Покой, порядок, защищенность – все рухнуло. Руперту трудно было взбираться по лестнице, так что Джеймс поставил для него кровать в гостиной, и больной проводил большую часть дня там или в зимнем саду, если день стоял солнечный. На втором этаже были душ и уборная и еще комната размером чуть больше стенного шкафа, где Джеймс оборудовал кухоньку с электрочайником и двухконфорочной электрической плиткой: там Руперт мог готовить себе кофе и подогревать сандвичи. Второй этаж, таким образом, превратился как бы в отдельную квартиру, которой Руперт завладел и в которой установил свой собственный – неопрятный, ниспровергающий принятые нормы, злобно-озорной – стиль жизни. По иронии судьбы дом стал гораздо менее покойным местом после того, как в нем поселился умирающий. К Руперту шел непрерывный поток посетителей: приходили новые и старые друзья Руперта, его рефлексолог, его массажистка, за которой тянулся аромат экзотических масел; приходил отец Майкл, который являлся, чтобы выслушать исповедь больного, но его заботы Руперт воспринимал, как казалось, с той же насмешливой покорностью, что и заботы о состоянии своего тела. Друзья редко оказывались в доме одновременно с Джеймсом, исключением были только выходные дни. Впрочем, свидетельства их посещений он находил каждый вечер: цветы, журналы, фрукты, флаконы со сладко пахнущими маслами. Посетители сплетничали, готовили кофе, их угощали вином. Как-то раз Джеймс спросил Руперта:
   – Отцу Майклу нравится вино?
   – Во всяком случае, он точно знает, какие бутылки снизу тащить.
   – Тогда все в порядке.
   Джеймсу не жаль было кларета, если отец Майкл понимал, что именно он пьет.

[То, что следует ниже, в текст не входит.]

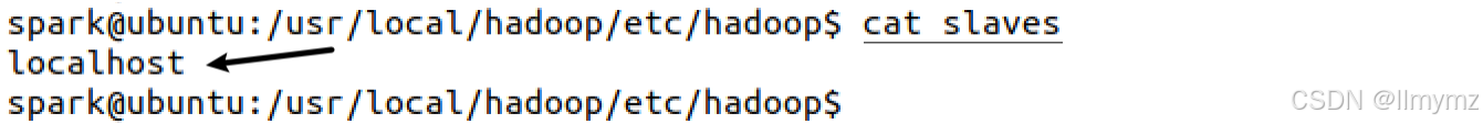 4)最后查看一下 slaves 配置文件的内容,这个文件中有运行 DateNode 进程的节点信

   Он снабдил Руперта ручным звонком, таким же большим и звучным, как школьный звонок. Приобретен он был на рынке Портобелло-роуд, чтобы Руперт мог ночью вызвать Джеймса из спальни на верхнем этаже, если вдруг понадобится помощь. Теперь Джеймс спал плохо, боясь услышать требовательный звон и в полусне представляя себе грохот колес по булыжной мостовой пораженного «черной смертью» Лондона, телегу с мертвыми телами и печальный вопль: «Выносите своих покойников!»
   Он помнил каждое слово, сказанное Рупертом два месяца назад, его внимательный иронический взгляд и улыбающиеся губы, лицо человека, ожидающего, что ему не поверят:
   – Я просто сообщаю вам факты. Жерар Этьенн знал, что Эрик болен СПИДом, и сделал все возможное, чтобы мы познакомились. Я не жалуюсь, вовсе нет. У меня ведь был какой-то выбор. Жерар же не уложил нас силком в постель друг с другом.
   – Жаль, что вы не воспользовались этим выбором.
   – Как это не воспользовался? Вы ведь Эрика не знали, верно? Он был прекрасен. Таких людей не много. Есть привлекательные, интересные, сексуальные, приятной внешности. Но прекрасных – нет. А он был прекрасен. Красота для меня всегда была непреоборима.
   – И это все, что вам требуется в любимом человеке – физическая красота?
   Руперт передразнил его, в глазах и голосе – мягкая издевка:
   – И это все, что вам требуется в любимом человеке? Джеймс, дорогой мой, в каком мире вы живете, что вы за человек такой? Нет, это не все, что мне требуется. Требовалось. В прошедшем времени, заметим. Было бы более тактично с вашей стороны, если бы вы аккуратнее обращались с грамматикой. Нет, это было не все. Мне нужен был человек, которому я тоже нравился бы. Человек с определенными навыками в постели. Я не спрашивал у Эрика, что он любит больше – джаз, камерную музыку или оперу, или, может быть, балет? И какое вино он предпочитает? Я говорю о страсти. Я говорю о любви. Господи, да это все равно что объяснять музыку Моцарта человеку, которому медведь на ухо наступил. Послушайте, давайте остановимся вот на чем: Жерар Этьенн сознательно свел нас. К тому времени он уже знал, что у Эрика СПИД. Он мог надеяться, что мы станем любовниками, мог не надеяться. Ему вообще могло быть все это до лампочки. Я думаю, он просто развлекался. Не знаю, что у него было на уме. Да меня это и не интересует. Я знаю, что было на уме у меня самого.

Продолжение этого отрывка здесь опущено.